[PATCH v3 0/9] PM / Domains: Fix race conditions during boot

Mon Nov 3 06:03:46 PST 2014

On 1 November 2014 01:20, Rafael J. Wysocki <rjw at rjwysocki.net> wrote:
> On Friday, October 31, 2014 10:16:14 AM Ulf Hansson wrote:
>> On 24 October 2014 18:12, Kevin Hilman <khilman at kernel.org> wrote:
>> > Ulf Hansson <ulf.hansson at linaro.org> writes:
>> >
>> >> Changes in v3:
>> >>       -Rework the entire intermediate step which was suggested in v2.
>> >>        That means solving the race condition, but also cope with PM domains
>> >>        that are initialized in powered off state.
>> >>
>> >> Changes in v2:
>> >>       -Added some acks.
>> >>       -Updated commit messages.
>> >>       -Included a wider audience of the patchset. V1 was lacking SoC
>> >>        maintainers.
>> >>
>> >> Here are link to the first patchset, were some discussion started.
>> >> http://marc.info/?l=linux-pm&m=141208104729597&w=2
>> >>
>> >> There may be more than one device in a PM domain which then will be
>> >> probed at different points in time.
>> >>
>> >> Depending on timing and runtime PM support, in for the device related
>> >> driver/subsystem, a PM domain may be advised to power off after a
>> >> successful probe sequence.
>> >>
>> >> A general requirement for a device within a PM domain, is that the
>> >> PM domain must stay powered during the probe sequence. To cope with
>> >> such requirement, let's add two new APIs, dev_pm_domain_get|put().
>> >>
>> >> These APIs are intended to be invoked from subsystem-level code and the
>> >> calls between get/put needs to be balanced.
>> >>
>> >> dev_pm_domain_get(), tells the PM domain that it needs to increase a
>> >> usage count and to keep supplying power. dev_pm_domain_put(), does the
>> >> opposite.
>> >
>> > I'm confused. Why arent' pm_runtime_get*() and pm_runtime_put*() working?
>>
>> See, below.
>>
>> >
>> > What's not explained here (or what I'm not understanding) is why a PM
>> > domain is powering off if it has active devices.
>>
>> It doesn't. The problem is that using pm_runtime_get_sync() in this
>> path is not working.
>>
>> Now, I failed to include some of the important information from
>> previous discussions around this patchset. Let me iterate the patchset
>> with better commit messages, but let's first continue this thread.
>>
>> Here are some of the previous discussion:
>>
>> http://marc.info/?l=linux-pm&m=141270897014653&w=2
>> http://marc.info/?l=linux-pm&m=141208104729597&w=2
>>
>> Below is a summary of why I think "pm_runtime_get_sync()" isn't working for us.
>>
>> 1)
>> It's bad practice to use pm_runtime_get_sync() in the ->probe() path,
>
> Honestly, I'm no longer amused.
>
>> to bring your resources to full power. The consequence would be a
>> driver that requires CONFIG_PM_RUNTIME to be even functional, which
>> just isn't acceptable.
>
> Sorry, but this is utter nonsense.

I admit, I was too vague while stating this. Looking at the big
picture you are obviously right.

I should have referred to those SOCs/buses/drivers that I am working/looking at.

>
> CONFIG_PM_RUNTIME unset means "no runtime PM at all", so all drivers can expect
> everything they need to be always on.  If that is not the case, then someone is
> doing runtime PM behind the scenes and therefore cheating.  Or in different
> words, for CONFIG_PM_RUNTIME unset bus types, platforms etc must ensure that
> everything is on from the drivers' perspective.

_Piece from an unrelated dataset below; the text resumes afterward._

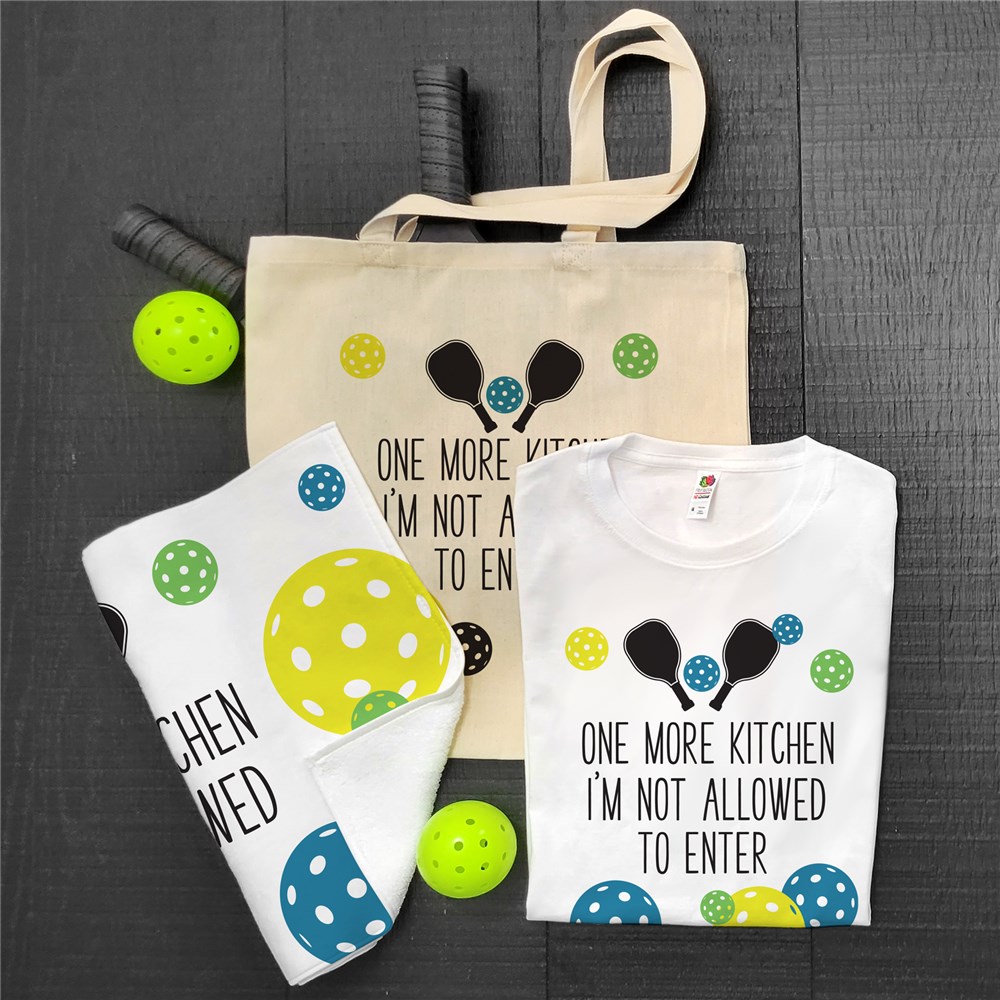 This 3 piece set includes a t-shirt to wear while playing or wherever they go, a towel that can serve as a dish towel in the kitchen or a hand towel on the court and a tote bag to carry all of these accessories plus your paddle and balls.

I don't think I have stated anything that isn't in agreement with the above?

While I am struggling in making my points clearer, it seems like we
look a bit differently upon how runtime PM are being deployed.

For those drivers I am working on, it's common that these handles
runtime PM resources, like for example clocks. The clocks needs to be
enabled for the driver to handle I/O, but those may also be gated at
request inactivity to save power. That means, the clocks may be
considered as both functional clocks and runtime PM resources.

Therefore, the driver must enable its clocks during ->probe() and
without relying on CONFIG_PM_RUNTIME to be set. Similar to what you
stated for the buses above.

To also cope with the scenario where CONFIG_PM_RUNTIME is set, drivers
must update the device's runtime PM status using
pm_runtime_set_active(), to synchronize the state with the runtime PM
core. Otherwise we will get clock unbalance issues while
gating/ungating the clocks from the runtime PM callbacks.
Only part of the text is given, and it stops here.